Southwest Virginia on Track to Receive Regional Rail Service

By Ashley Spinks Dugan

January 29, 2021

House of Delegates signs off on proposal. Now it goes to the Virginia Senate.

CHRISTIANSBURG – In politics, finding broad, bipartisan support for an issue is next to impossible. But legislators from across the Commonwealth have rallied around the idea of extending passenger rail service into Southwest Virginia. 

A bill currently sailing through the General Assembly would help make that idea a reality by creating a mechanism for municipalities to pool their money and invest in building a new platform or station.

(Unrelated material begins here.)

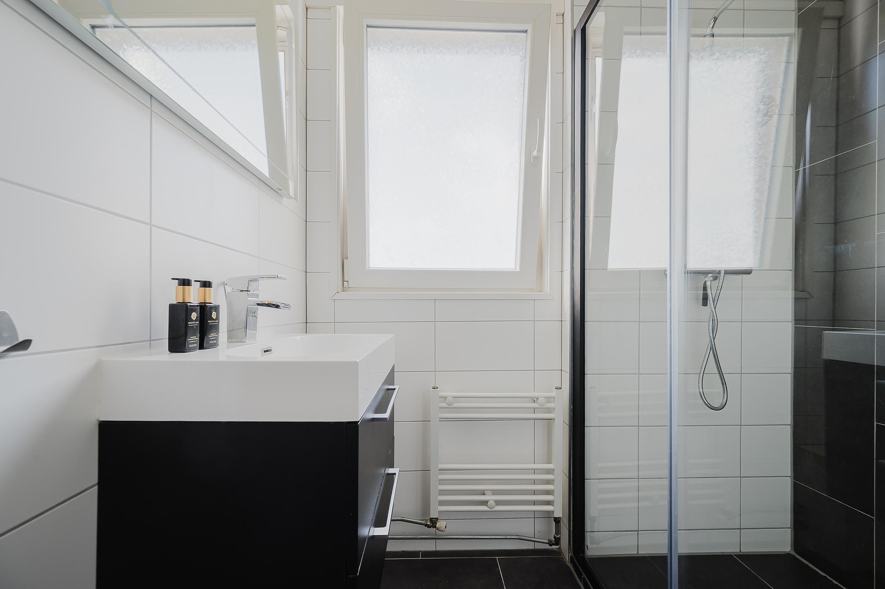 De badkamer is in 2022 deels gerenoveerd en is voorzien van een ruime inloopdouche, een wastafel- met meubel en een spiegel met verlichting.
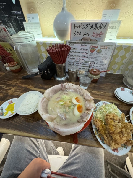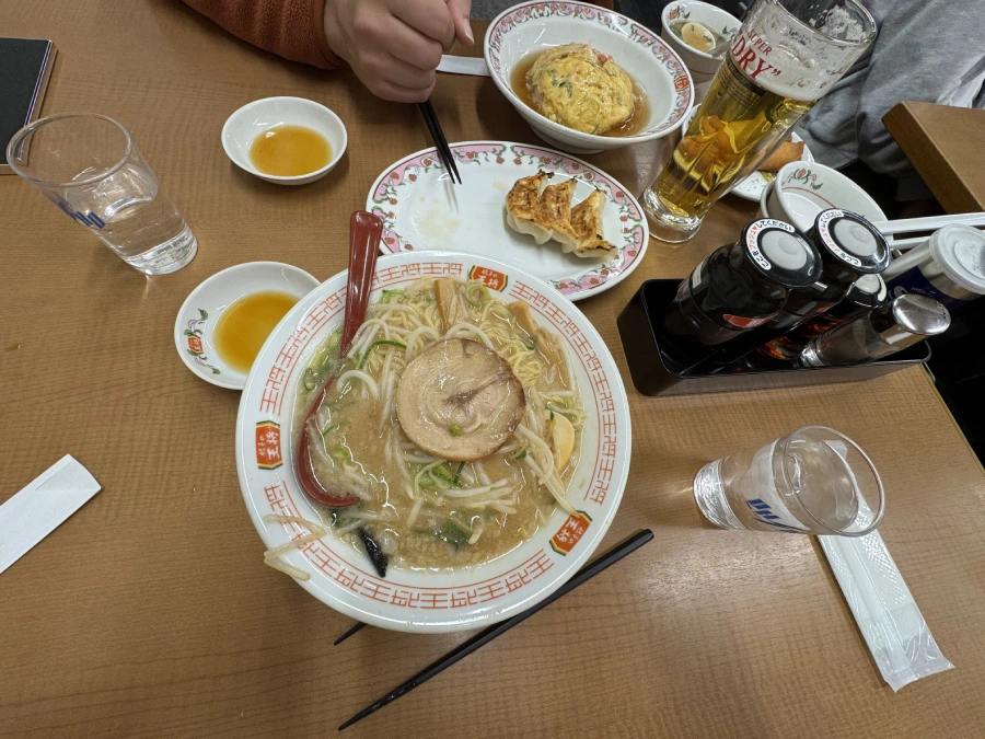 The set included rice, meat, an omelet on top, gyoza on the side, and some bacon-like items. It wasn’t fancy, but it felt real like eating as part of everyday local life rather than as a tourist.

House Bill 1893, sponsored by Del. Chris Hurst (D-Blacksburg), would establish a regional passenger rail authority in the New River Valley. The effort has support from various counties throughout the region, as well as the governor’s office. On Thursday, the bill passed the house on a 93-7 vote.

New River Valley Primed for Passenger Rail

The group NRV Passenger Rail has led the charge locally since at least 2016. After years of advocacy, the effort’s finally moving full steam ahead.

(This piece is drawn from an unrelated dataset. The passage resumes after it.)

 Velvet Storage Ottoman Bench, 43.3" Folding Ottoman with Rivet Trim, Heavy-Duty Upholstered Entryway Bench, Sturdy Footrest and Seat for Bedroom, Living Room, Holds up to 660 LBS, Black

 “A whole group of people have been working for a long time,” NRV Passenger Rail spokesperson Larry Hinkner said. “We feel very strongly that there’s demand for this, not only in our gut but in the very, very good marketing study.” 

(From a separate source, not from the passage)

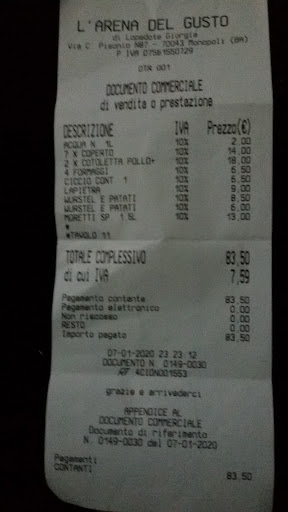 Read moreIn data 07/01/2020 siamo andati la mia famiglia e la famiglia di un mio amico a mangiarci una pizza per un totale di sette persone. Locale carino e ben arredato ma non tanto grande. Ci hanno fatto accomodare in un tavolo che si trovava in fondo aĺla sala. Ci hanno portato delle olive per stuzziccare. Abbiamo ordinato cinque pizze, due cotolette, una bottiglia di acqua e una caraffa di birra. La pizza era buona non bruciacchiata e dello giusto spessore. Il servizio era buono però dopo aver ordinato e portato le pizze ed altro si sono dimenticati di noi difatti per ordinare una seconda bottiglia di acqua non riuscivamo a dirlo ai camerieri che purtroppo dalle parti del nostro tavolo non si affacciavano mai e quindi è dovuto andare il mio amico dal cameriere per dirgli di portarci un altra bottiglia di acqua. Anche quando abbiamo terminato di mangiare cercavamo il cameriere per farci portare il conto ma niente ed allora siamo andati direttamente noi alla cassa. Nota molto dolente i prezzi che non erano per niente bassi ma abbastanza alti. Le pizze costavano tutte oltre la norma. Si allega foto scontrino. Conclusioni: tutto buono ma dove arriveremo con questi...

The study was completed by the New River Valley Regional Commission (NRVRC). This regional commission is a coalition of 13 local governments and colleges that provides technical and planning assistance to its members. NRV Passenger Rail is a community partnership of universities, political leaders, and businesses in the region. 

The New River Valley area has a significant population, and it’s only growing in size. Montgomery County, which hosts both Blacksburg and Christiansburg, is the state’s second-most populous county west of Richmond. 

The county and surrounding region are home to multiple institutions of higher learning, including Virginia Tech and Radford University. That means 40,000 college students call the area home. More than half of Virginia Tech’s students come from Northern Virginia, where they travel several times a year. 

The NRVRC study revealed that university-related events could generate more than 100,000 trips per year.

Rail Encourages Economic Development 

This increased interstate travel could also support the region’s broader economic development.

The New River Valley is already a hotbed for tourism and especially outdoor recreation. It is located in a sweet spot relative to mid-Atlantic urban centers that makes it ideal for passenger rail. The region is too far from cities like Washington, D.C., Baltimore and Philadelphia to make car trips convenient. At the same time, air travel to those hubs is cost-prohibitive. Trains are the perfect compromise. 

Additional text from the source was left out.